> _What the task requires_
Transcribe every entry that follows, word for word, and omit the images.

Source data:
__________________________________________________

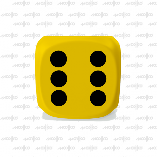 Dado Mokko D6 con puntos tamaño estándar esquina redondeada color sólido amarillo
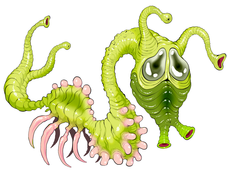 This monster's large head is shaped almost like an insect chrysalis, with two milky, mournful looking teardrop-shaped eyes. Two fleshy, sucker-tipped antennae sprout from the top of the head, while the segmented "muzzle" splits into two shorter, thicker tubes at the bottom. The head hangs from a weak looking tubular neck that flares into a caterpillar-like upper body with two rows of pink, nublike feet. A second body segment resembles a shortened, hunched spinal cord with several pairs of rib-like legs, and a swollen, maggotlike tail segment splits into two more tubular feelers.
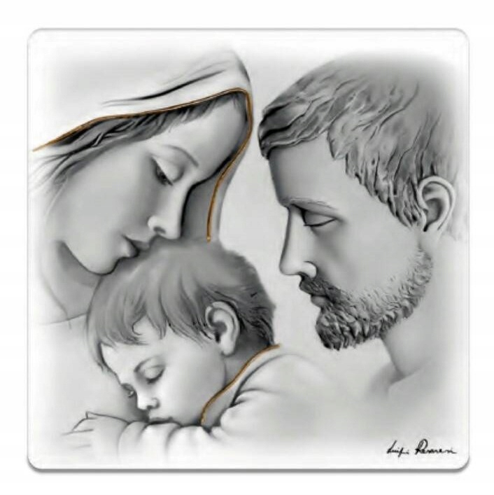 Картина, написана на дереві, оздоблена золотою фарбою ручного розпису, із зображенням Пресвятої родини.
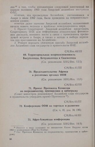 Третья очередная сессия Совета министров. CM/Res.42/III. Проект Протокола Комиссии по посредничеству, примирению и арбитражу. Каир, 13-17 июля 1964 г. // «OAU, Resolutions and Recommendations of the First Session of the Assembly of Heads of State and Government and Third Session of the Council of Ministers, Provisional Secretariat», Addis Ababa, 1964.
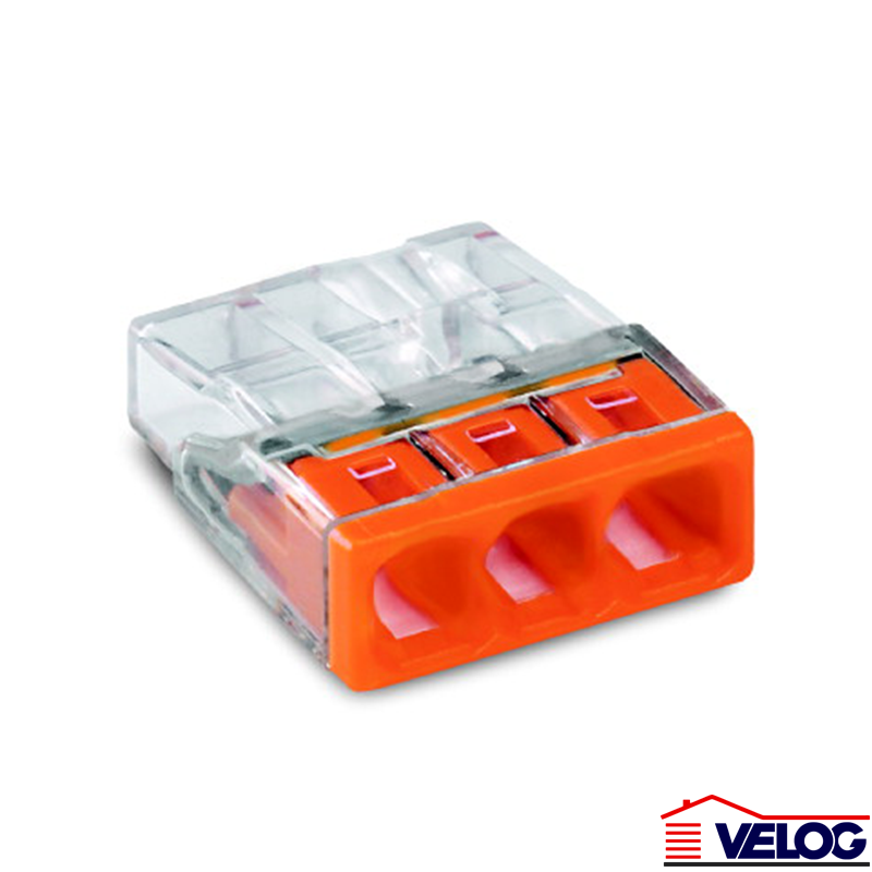 Klema za instalacione kutije Wago 2273-203, 3 kontakta za pun presek 2,5kvmm. Broj kontakta: 3; Radni napon: 450V; Jačina radne struje: 24A; Poprečni presek kabla: 0.5 - 2.5mm (18AWG - 14AWG); Dužina neizolovanog dela žice: 11mm.
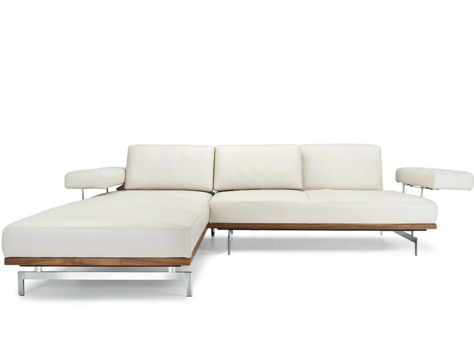 Das stilvolle Ecksofa mit hellem Echt Leder Bezug entspricht einem modernen Stil, der durch Nussbaum Holz ergänzt wird. Die Kufe aus hochglänzend poliertem Aluminium ergänzt das schicke Design. Die optisch ansprechende Polsterecke ist auch am Rücken echt bezogen. Somit ist die Positionierung im Raum möglich.
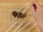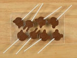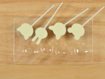 モールドをひっくり返し、指で押しながらチョコレートを外し、皿の上に並べます。(※スティックをひっぱるとチョコレートから外れやすいのでご注意ください。)
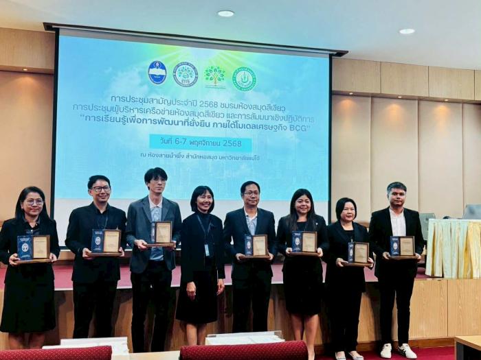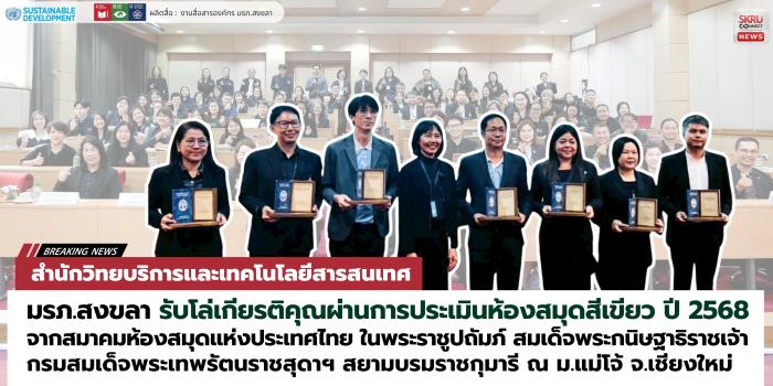 สำนักวิทยบริการฯ มรภ.สงขลา รับโล่เกียรติคุณผ่านการประเมินห้องสมุดสีเขียว ประจำปี 2568 จากสมาคมห้องสมุดแห่งประเทศไทย ในพระราชูปถัมภ์ สมเด็จพระกนิษฐาธิราชเจ้า กรมสมเด็จพระเทพรัตนราชสุดาฯ สยามบรมราชกุมารี เมื่อวันที่ 6 พฤษภาคม 2568 สำนักวิทยบริการและเทคโนโลยีสารสนเทศ มหาวิทยาลัยราชภัฏสงขลา (มรภ.สงขลา) โดย ผศ.ปิยกุล จันทบูรณ์ รองผู้อำนวยการสำนักวิทยบริการและเทคโนโลยีสารสนเทศ เป็นผู้แทนรับโล่เกียรติคุณ ?ห้องสมุดสีเขียว ประจำปี พ.ศ. 2568? ซึ่งผ่านการประเมินตามมาตรฐานห้องสมุดสีเขียว ประจำปี พ.ศ. 2568 จัดโดย ชมรมห้องสมุดสีเขียว สมาคมห้องสมุดแห่งประเทศไทย ในพระราชูปถัมภ์ สมเด็จพระกนิษฐาธิราชเจ้า กรมสมเด็จพระเทพรัตนราชสุดาฯ สยามบรมราชกุมารี ในการประชุมสามัญประจำปี 2568 ชมรมห้องสมุดสีเขียว การประชุมผู้บริหารเครือข่ายห้องสมุดสีเขียว และการสัมมนาเชิงปฏิบัติการ การเรียนรู้เพื่อการพัฒนาที่ยั่งยืน ภายใต้โมเดลเศรษฐกิจ BCG ณ ห้องสายน้ำหนึ่ง สำนักหอสมุด มหาวิทยาลัยแม่โจ้ จังหวัดเชียงใหม่ ทั้งนี้ โล่ประกาศเกียรติคุณฯ ประจำปี 2568 มีความพิเศษตรงมีลักษณะเป็นรูปหนังสือเสมือนจริง และผลิตจากพลาสติกรีไซเคิล ซึ่งเป็นผลงานของวิสาหกิจชุมชน YOLO (You Only Live Once) ส่วนโครงโล่ผลิตจากเศษผ้าฝีมือของช่างไม้ชุมชนในจังหวัดปราจีนบุรี เพื่อสื่อถึงการให้ความสำคัญกับการรักษาสิ่งแวดล้อมอย่างแท้จริง

__________________________________________________

> _Result of the task_
 Dado Mokko D6 con puntos tamaño estándar esquina redondeada color sólido amarillo
 This monster's large head is shaped almost like an insect chrysalis, with two milky, mournful looking teardrop-shaped eyes. Two fleshy, sucker-tipped antennae sprout from the top of the head, while the segmented "muzzle" splits into two shorter, thicker tubes at the bottom. The head hangs from a weak looking tubular neck that flares into a caterpillar-like upper body with two rows of pink, nublike feet. A second body segment resembles a shortened, hunched spinal cord with several pairs of rib-like legs, and a swollen, maggotlike tail segment splits into two more tubular feelers.
 Картина, написана на дереві, оздоблена золотою фарбою ручного розпису, із зображенням Пресвятої родини.
 Третья очередная сессия Совета министров. CM/Res.42/III. Проект Протокола Комиссии по посредничеству, примирению и арбитражу. Каир, 13-17 июля 1964 г. // «OAU, Resolutions and Recommendations of the First Session of the Assembly of Heads of State and Government and Third Session of the Council of Ministers, Provisional Secretariat», Addis Ababa, 1964.
 Klema za instalacione kutije Wago 2273-203, 3 kontakta za pun presek 2,5kvmm. Broj kontakta: 3; Radni napon: 450V; Jačina radne struje: 24A; Poprečni presek kabla: 0.5 - 2.5mm (18AWG - 14AWG); Dužina neizolovanog dela žice: 11mm.
 Das stilvolle Ecksofa mit hellem Echt Leder Bezug entspricht einem modernen Stil, der durch Nussbaum Holz ergänzt wird. Die Kufe aus hochglänzend poliertem Aluminium ergänzt das schicke Design. Die optisch ansprechende Polsterecke ist auch am Rücken echt bezogen. Somit ist die Positionierung im Raum möglich.
 モールドをひっくり返し、指で押しながらチョコレートを外し、皿の上に並べます。(※スティックをひっぱるとチョコレートから外れやすいのでご注意ください。)
 สำนักวิทยบริการฯ มรภ.สงขลา รับโล่เกียรติคุณผ่านการประเมินห้องสมุดสีเขียว ประจำปี 2568 จากสมาคมห้องสมุดแห่งประเทศไทย ในพระราชูปถัมภ์ สมเด็จพระกนิษฐาธิราชเจ้า กรมสมเด็จพระเทพรัตนราชสุดาฯ สยามบรมราชกุมารี เมื่อวันที่ 6 พฤษภาคม 2568 สำนักวิทยบริการและเทคโนโลยีสารสนเทศ มหาวิทยาลัยราชภัฏสงขลา (มรภ.สงขลา) โดย ผศ.ปิยกุล จันทบูรณ์ รองผู้อำนวยการสำนักวิทยบริการและเทคโนโลยีสารสนเทศ เป็นผู้แทนรับโล่เกียรติคุณ ?ห้องสมุดสีเขียว ประจำปี พ.ศ. 2568? ซึ่งผ่านการประเมินตามมาตรฐานห้องสมุดสีเขียว ประจำปี พ.ศ. 2568 จัดโดย ชมรมห้องสมุดสีเขียว สมาคมห้องสมุดแห่งประเทศไทย ในพระราชูปถัมภ์ สมเด็จพระกนิษฐาธิราชเจ้า กรมสมเด็จพระเทพรัตนราชสุดาฯ สยามบรมราชกุมารี ในการประชุมสามัญประจำปี 2568 ชมรมห้องสมุดสีเขียว การประชุมผู้บริหารเครือข่ายห้องสมุดสีเขียว และการสัมมนาเชิงปฏิบัติการ การเรียนรู้เพื่อการพัฒนาที่ยั่งยืน ภายใต้โมเดลเศรษฐกิจ BCG ณ ห้องสายน้ำหนึ่ง สำนักหอสมุด มหาวิทยาลัยแม่โจ้ จังหวัดเชียงใหม่ ทั้งนี้ โล่ประกาศเกียรติคุณฯ ประจำปี 2568 มีความพิเศษตรงมีลักษณะเป็นรูปหนังสือเสมือนจริง และผลิตจากพลาสติกรีไซเคิล ซึ่งเป็นผลงานของวิสาหกิจชุมชน YOLO (You Only Live Once) ส่วนโครงโล่ผลิตจากเศษผ้าฝีมือของช่างไม้ชุมชนในจังหวัดปราจีนบุรี เพื่อสื่อถึงการให้ความสำคัญกับการรักษาสิ่งแวดล้อมอย่างแท้จริง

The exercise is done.